### MATERIALS PROVIDED
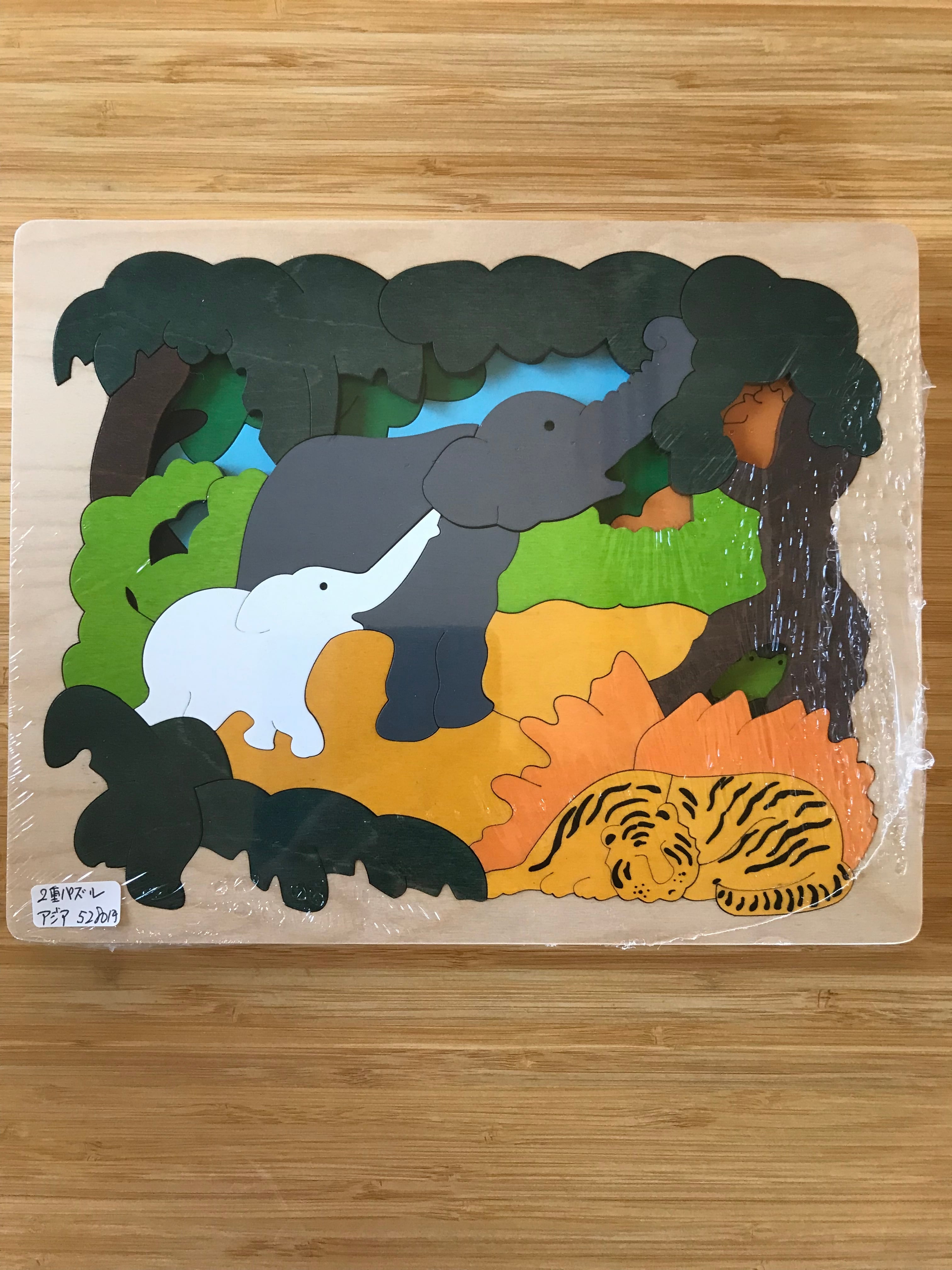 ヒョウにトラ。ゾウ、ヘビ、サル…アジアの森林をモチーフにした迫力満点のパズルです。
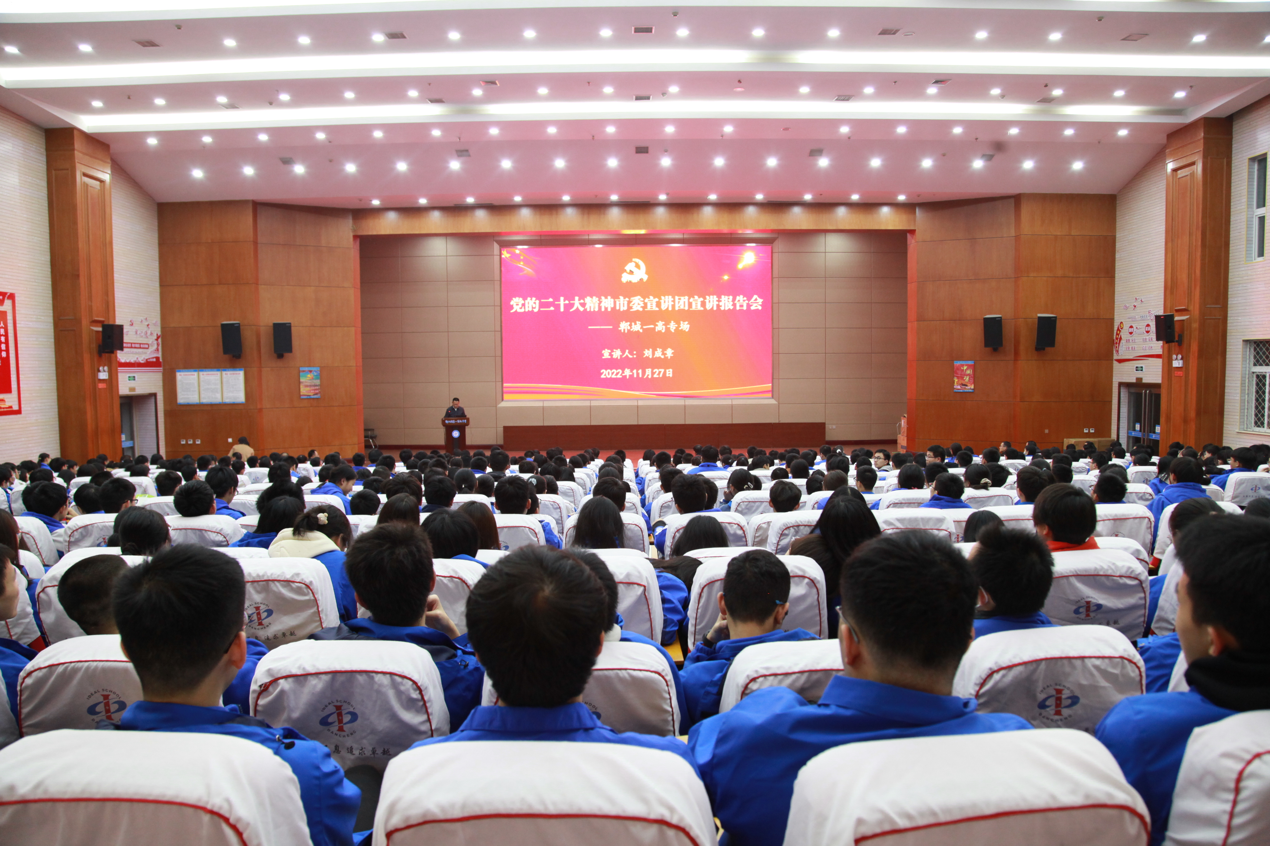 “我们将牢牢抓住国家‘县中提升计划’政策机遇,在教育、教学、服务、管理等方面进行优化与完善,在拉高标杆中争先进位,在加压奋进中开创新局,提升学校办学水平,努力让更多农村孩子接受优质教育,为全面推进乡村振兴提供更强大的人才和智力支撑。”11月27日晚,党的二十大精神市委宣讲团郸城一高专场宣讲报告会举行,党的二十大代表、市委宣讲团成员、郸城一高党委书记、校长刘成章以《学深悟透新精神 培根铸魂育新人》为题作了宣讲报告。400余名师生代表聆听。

--

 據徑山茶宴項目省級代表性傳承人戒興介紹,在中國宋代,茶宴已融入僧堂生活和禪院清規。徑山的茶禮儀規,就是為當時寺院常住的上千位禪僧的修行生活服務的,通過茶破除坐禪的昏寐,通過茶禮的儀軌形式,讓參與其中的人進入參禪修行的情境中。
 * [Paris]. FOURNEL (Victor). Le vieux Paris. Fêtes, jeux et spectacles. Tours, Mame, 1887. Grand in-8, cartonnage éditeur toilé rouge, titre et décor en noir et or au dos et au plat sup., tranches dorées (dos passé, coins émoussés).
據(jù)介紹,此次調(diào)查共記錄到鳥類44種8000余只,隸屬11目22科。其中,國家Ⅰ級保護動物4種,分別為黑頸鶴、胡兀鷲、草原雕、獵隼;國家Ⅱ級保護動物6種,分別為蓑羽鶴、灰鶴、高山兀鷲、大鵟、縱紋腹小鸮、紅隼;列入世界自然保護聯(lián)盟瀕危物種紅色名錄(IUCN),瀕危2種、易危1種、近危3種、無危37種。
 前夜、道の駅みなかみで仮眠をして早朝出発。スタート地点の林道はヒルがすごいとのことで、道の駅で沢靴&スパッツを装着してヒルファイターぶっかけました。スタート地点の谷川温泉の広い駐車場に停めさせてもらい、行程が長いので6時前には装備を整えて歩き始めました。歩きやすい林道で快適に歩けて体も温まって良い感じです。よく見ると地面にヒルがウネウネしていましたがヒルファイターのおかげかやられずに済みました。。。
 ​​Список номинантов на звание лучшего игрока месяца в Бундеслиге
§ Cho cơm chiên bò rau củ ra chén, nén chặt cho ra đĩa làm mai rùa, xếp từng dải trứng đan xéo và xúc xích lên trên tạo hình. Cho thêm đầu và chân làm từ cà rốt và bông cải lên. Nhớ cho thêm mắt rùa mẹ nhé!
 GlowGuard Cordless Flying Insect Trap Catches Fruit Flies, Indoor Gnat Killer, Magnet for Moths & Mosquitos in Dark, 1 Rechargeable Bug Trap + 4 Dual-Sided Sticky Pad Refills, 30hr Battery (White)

...

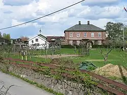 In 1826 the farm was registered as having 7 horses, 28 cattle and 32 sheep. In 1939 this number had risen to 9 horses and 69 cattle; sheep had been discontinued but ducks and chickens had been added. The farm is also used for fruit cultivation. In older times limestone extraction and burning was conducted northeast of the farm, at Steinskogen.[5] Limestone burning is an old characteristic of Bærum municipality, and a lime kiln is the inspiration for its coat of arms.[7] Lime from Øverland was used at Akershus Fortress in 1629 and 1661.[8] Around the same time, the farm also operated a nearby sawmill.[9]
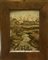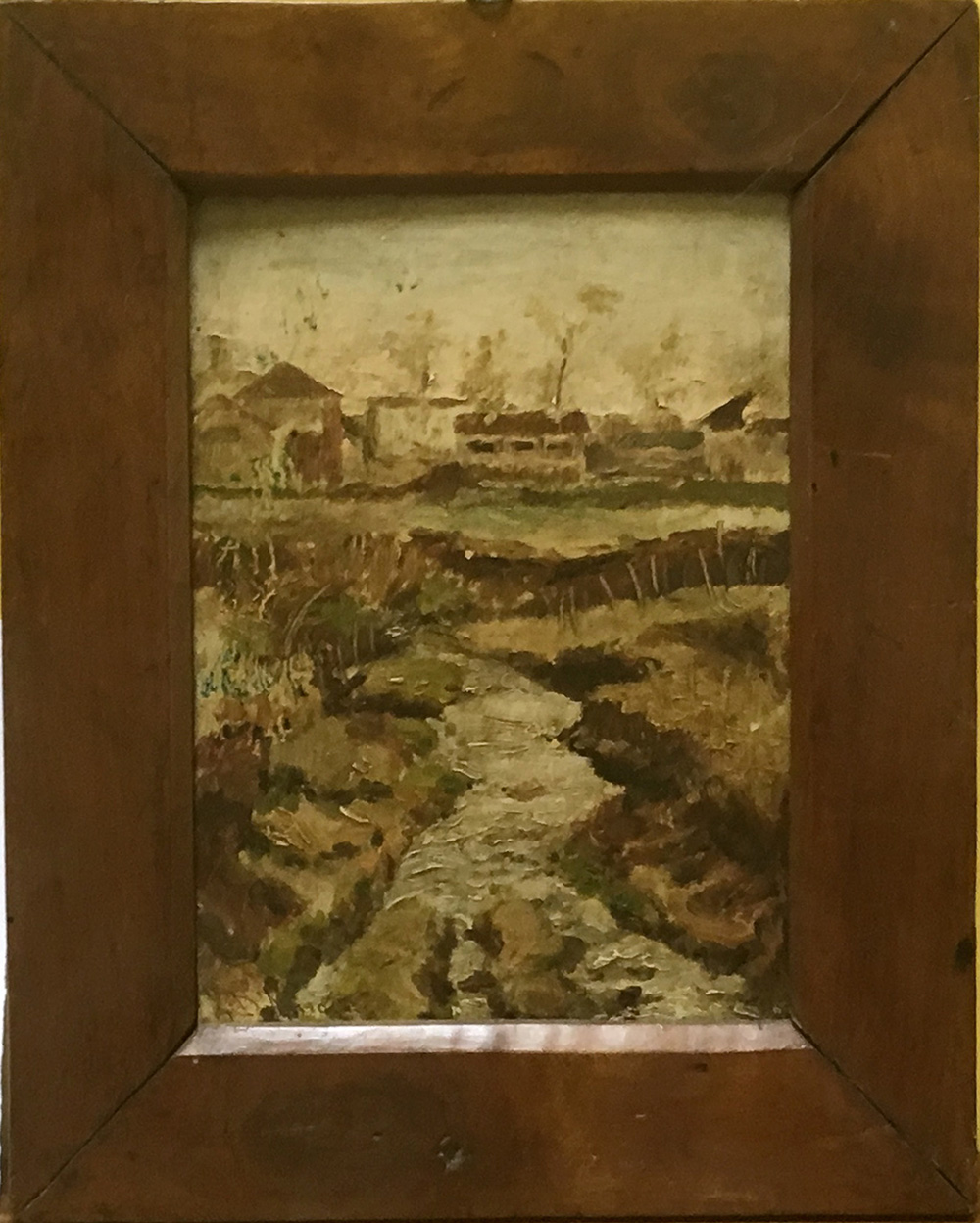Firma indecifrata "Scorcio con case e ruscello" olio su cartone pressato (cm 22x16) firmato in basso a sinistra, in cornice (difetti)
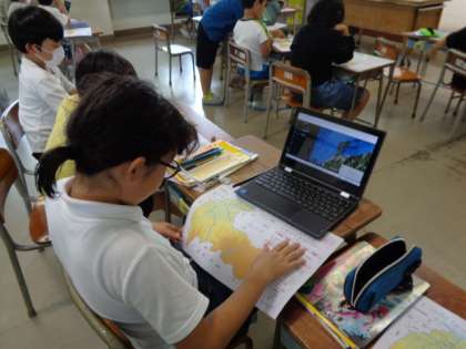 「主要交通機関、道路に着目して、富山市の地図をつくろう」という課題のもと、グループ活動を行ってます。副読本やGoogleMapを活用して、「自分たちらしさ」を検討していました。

### REQUIREMENT
Look above for the line holding "passé, coins émoussés).", then set down exactly that line and every line after it up to and including the line holding "據(jù)介紹,此次調(di", with nothing else.

### ANSWER SPACE
 * [Paris]. FOURNEL (Victor). Le vieux Paris. Fêtes, jeux et spectacles. Tours, Mame, 1887. Grand in-8, cartonnage éditeur toilé rouge, titre et décor en noir et or au dos et au plat sup., tranches dorées (dos passé, coins émoussés).
據(jù)介紹,此次調(diào)查共記錄到鳥類44種8000余只,隸屬11目22科。其中,國家Ⅰ級保護動物4種,分別為黑頸鶴、胡兀鷲、草原雕、獵隼;國家Ⅱ級保護動物6種,分別為蓑羽鶴、灰鶴、高山兀鷲、大鵟、縱紋腹小鸮、紅隼;列入世界自然保護聯(lián)盟瀕危物種紅色名錄(IUCN),瀕危2種、易危1種、近危3種、無危37種。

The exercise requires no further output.